Wszystkie cytowane fragmenty oraz tytuły rozdziałów pochodzą z książki „W dialogu I” Jorge Luis Borges, Osvaldo Ferrari,  wyd. Helion 2007.

Niedawno ukazała się druga część rozmów „W dialogu II”, wyd. Helion 2008.

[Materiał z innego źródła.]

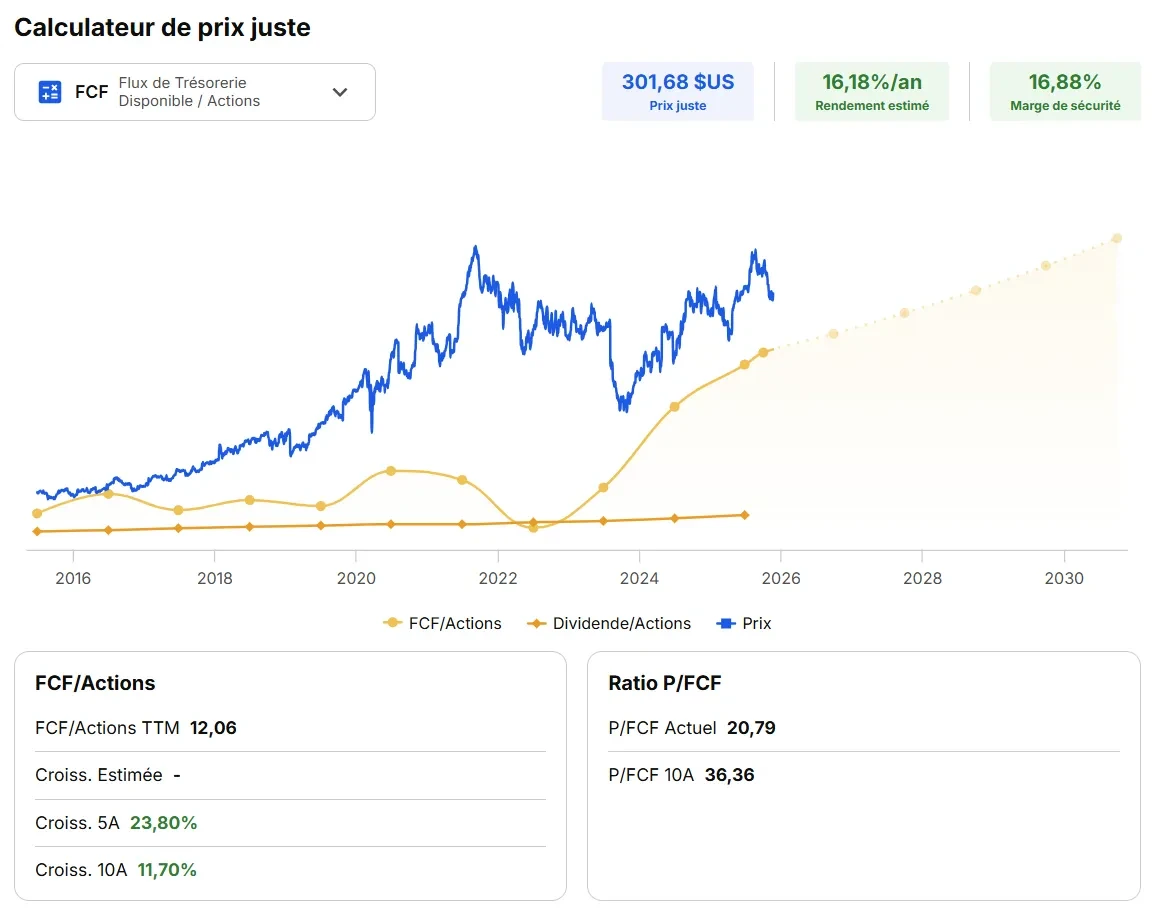 Sur Baggr, le calculateur de juste prix basé sur les FCF/action indique également un juste prix à 301$ avec un potentiel de rendement par an estimé à 16%.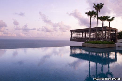 절벽 꼭대기에서 무한대로 뻗어있는 이 수영장은 공간에 떠있는 것처럼 보인다. 수영장 끝에는 수평선을 감상할 수 있도록 마련된 카바나가 설치돼있다. ( www.alilahotels.com/uluwatu)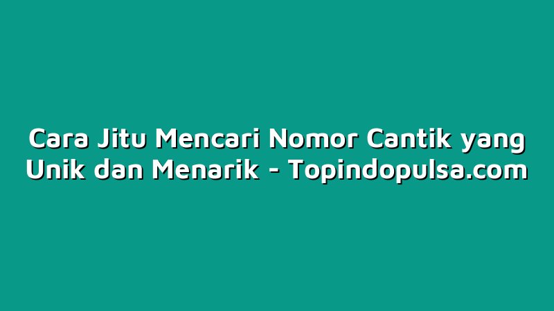 Tidak dapat dipungkiri bahwa nomor cantik kini telah menjadi tren di kalangan masyarakat Indonesia. Banyak dari mereka yang rela mengeluarkan uang besar hanya untuk mendapatkan nomor cantik yang unik dan menarik. Namun, mencari nomor cantik yang sesuai dengan selera bukanlah hal yang mudah. Berikut ini adalah beberapa tips cara jitu untuk mencari nomor cantik yang unik dan menarik.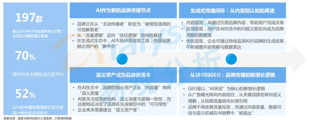 品牌角色实现结构性跃迁:品牌正在从 “主动传播者” 转变为 “被模型选择的可信解答者”,实现从 “流量逻辑” 到 “信任逻辑” 的结构性跃迁,AI 不再只是信息工具,而是品牌触达用户的全新核心中介。截至 2024 年 7 月,全国共有 197 款生成式 AI 服务通过备案,其中行业大模型占比近 70%,AI 生态的快速完善为品牌提供了全新的传播节点。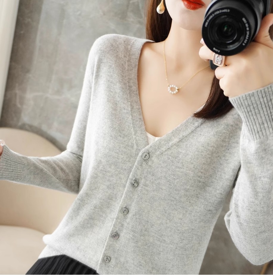 봄코디 브이넥 가디건 봄 스웨터 여성니트 : 세상의모든만물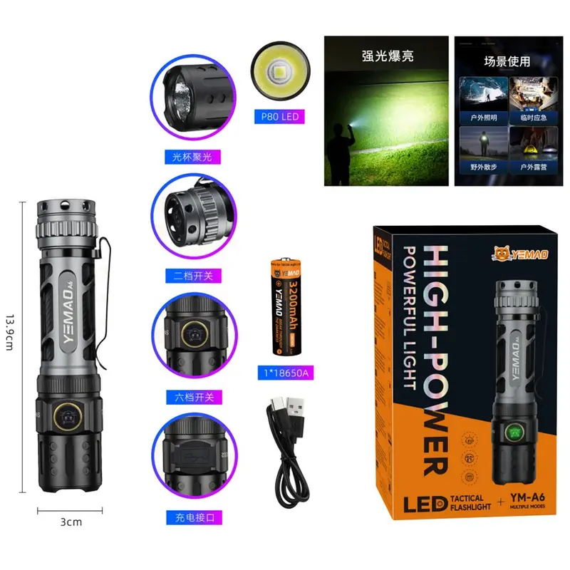 Професійний ліхтар YEMAO YM-А6 — це професійне рішення для тих, хто цінує яскраве світло, міцну конструкцію та максимальну зручність у будь-яких умовах.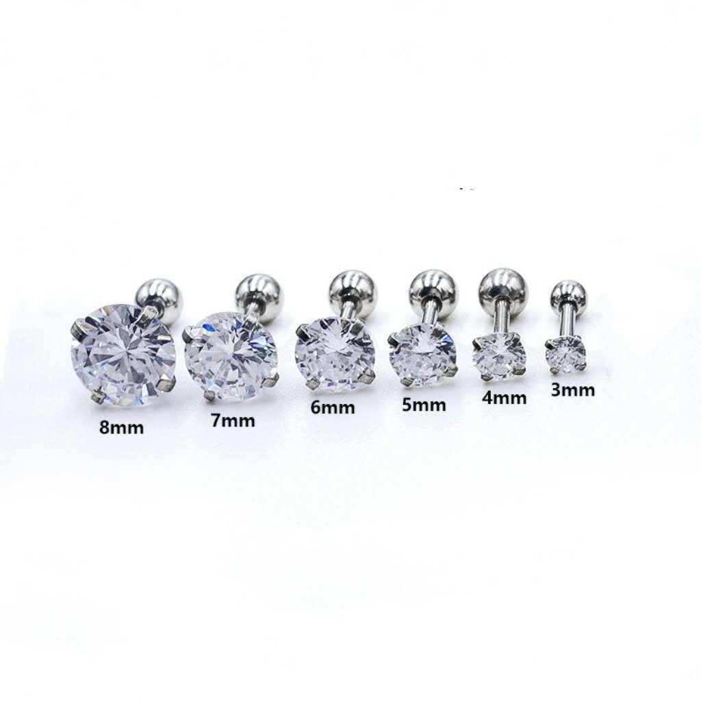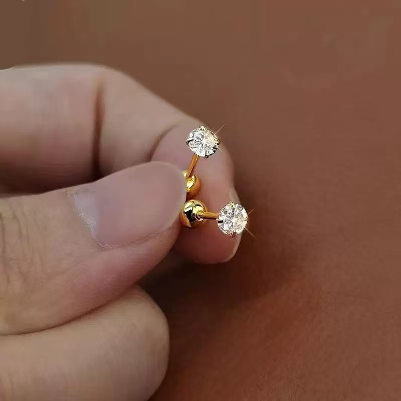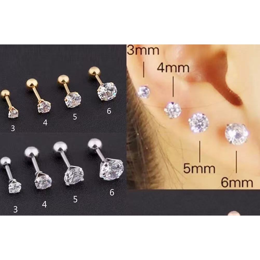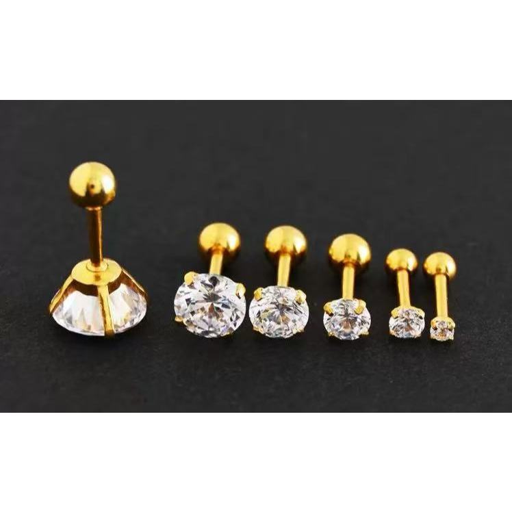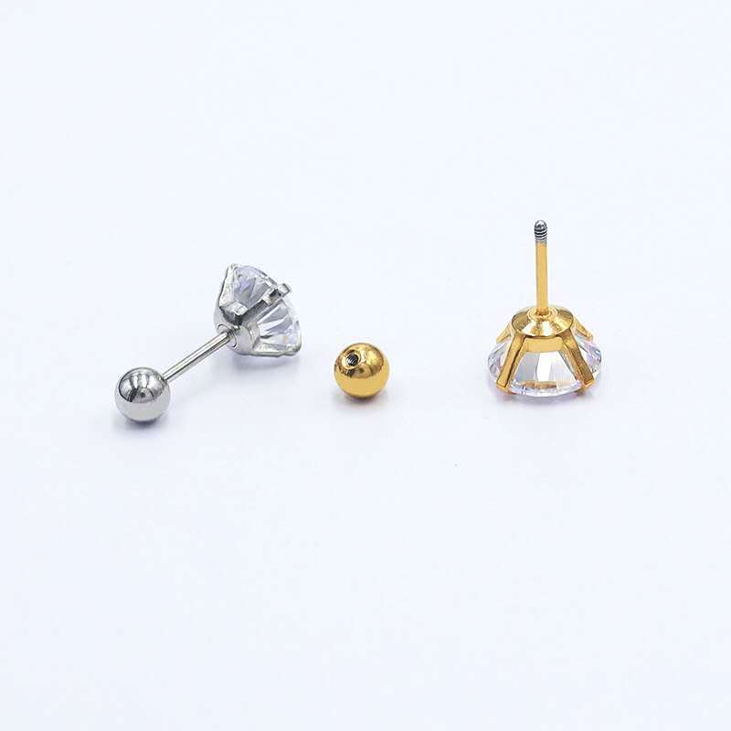 Feeling 316L Brinco De Tarraxa De Aço Inoxidável Cz 3 Prong Tragus / Cartilagem Com Cristal De Zirconita / Joias De Ouro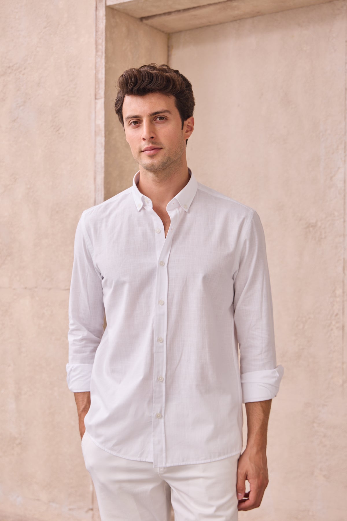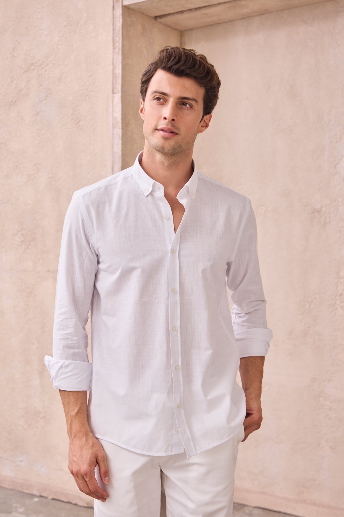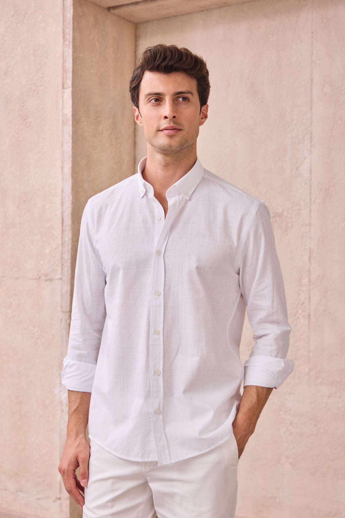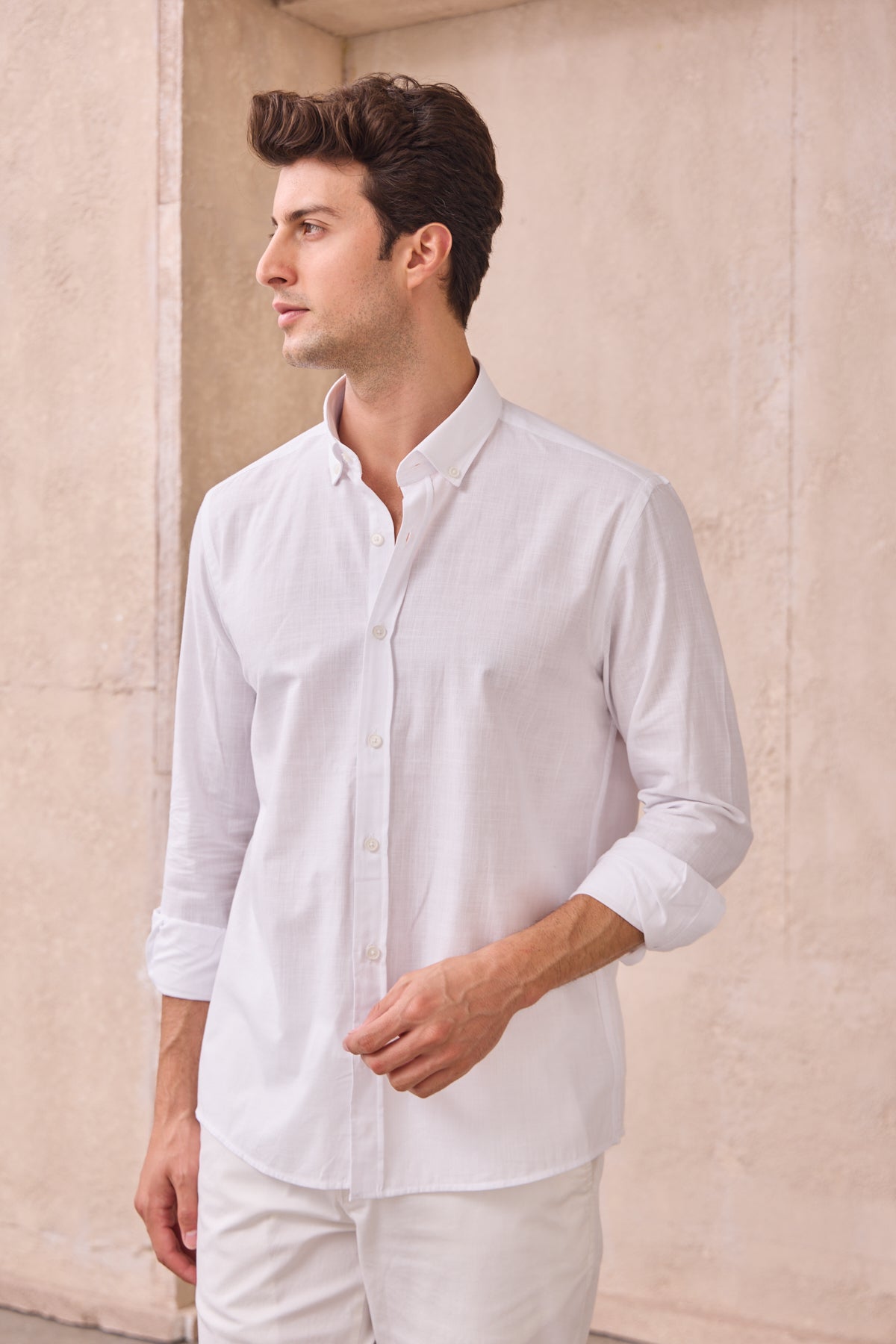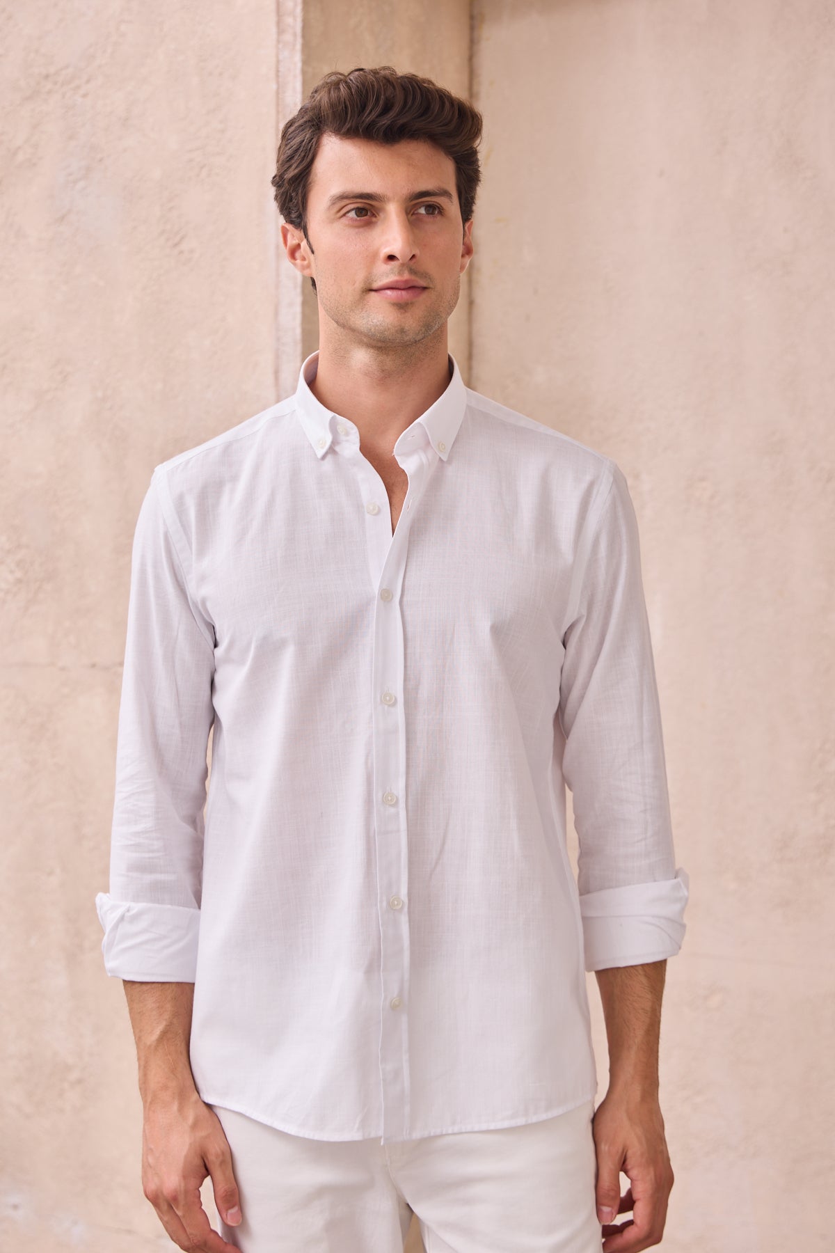%100 Pamuk Keten Görünümlü Slim Fit Flam Beyaz Erkek Gömlek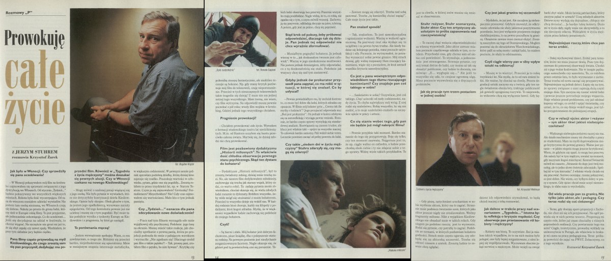 Archiwum / Rozmowy „Przekroju” nr 2836 (28/1999) 1104/1111 Podziel się Tytuł Prowokuję całe życie Autor Krzysztof Żurek Rubryka Rozmowy „Przekroju” Artykuł z numeru 2836 (2837/1999) Data wydania 31 października 1999 Tagi Jerzy Stuhr aktor film Krzysztof Kieślowski "Tydzień z życia mężczyzny" "Historie miłosne" kinematografia polska
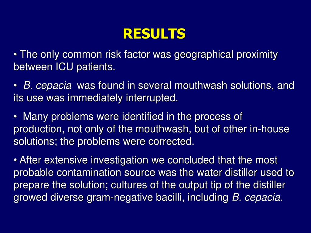 RESULTS • The only common risk factor was geographical proximity between ICU patients. • B. cepacia was found in several mouthwash solutions, and its use was immediately interrupted. • Many problems were identified in the process of production, not only of the mouthwash, but of other in-house solutions; the problems were corrected. • After extensive investigation we concluded that the most probable contamination source was the water distiller used to prepare the solution; cultures of the output tip of the distiller growed diverse gram-negative bacilli, including B. cepacia.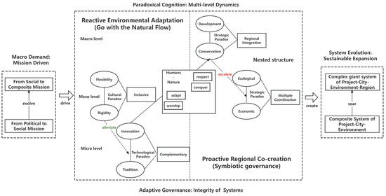 With the alleviation of the technological paradox at the micro level and the cultural paradox at the meso level, DJY has gradually transformed into a Project–City–Environment composite system. The system exhibits the open characteristics of continuation, expansion, and interdependence of environmentally friendly socio-economic, political–military, and other values.
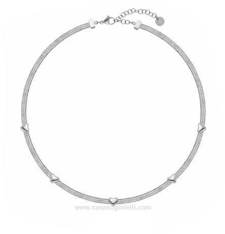collana maglia serpente da donna di liujo della collezione essential in acciaio inossidabile con cuori misura 55cm

Dialog jest jednym z najlepszych ludzkich obyczajów, wynaleziony został – jak niemal wszystko – przez Greków. To znaczy, że Grecy zaczęli rozmawiać, a my ciągniemy to dalej.

PORZĄDEK I CZAS

…moje życie jest dość przypadkowe, a jednocześnie staram się, aby moja twórczość nie była przypadkowa. To znaczy chcę, żeby było w niej coś z kosmosu, choćby zasadniczo był to chaos. To zresztą tak, jak ze wszechświatem: nie wiemy, czy to kosmos, czy chaos. Choć wiele wskazuje na to, że jednak kosmos: mamy różne epoki w życiu człowieka, zwyczaje gwiazd, proces wzrostu roślin, pory roku, a także różne pokolenia. Zatem istnieje pewien porządek, ale jest on dość wstydliwy, dość tajemniczy, o tak.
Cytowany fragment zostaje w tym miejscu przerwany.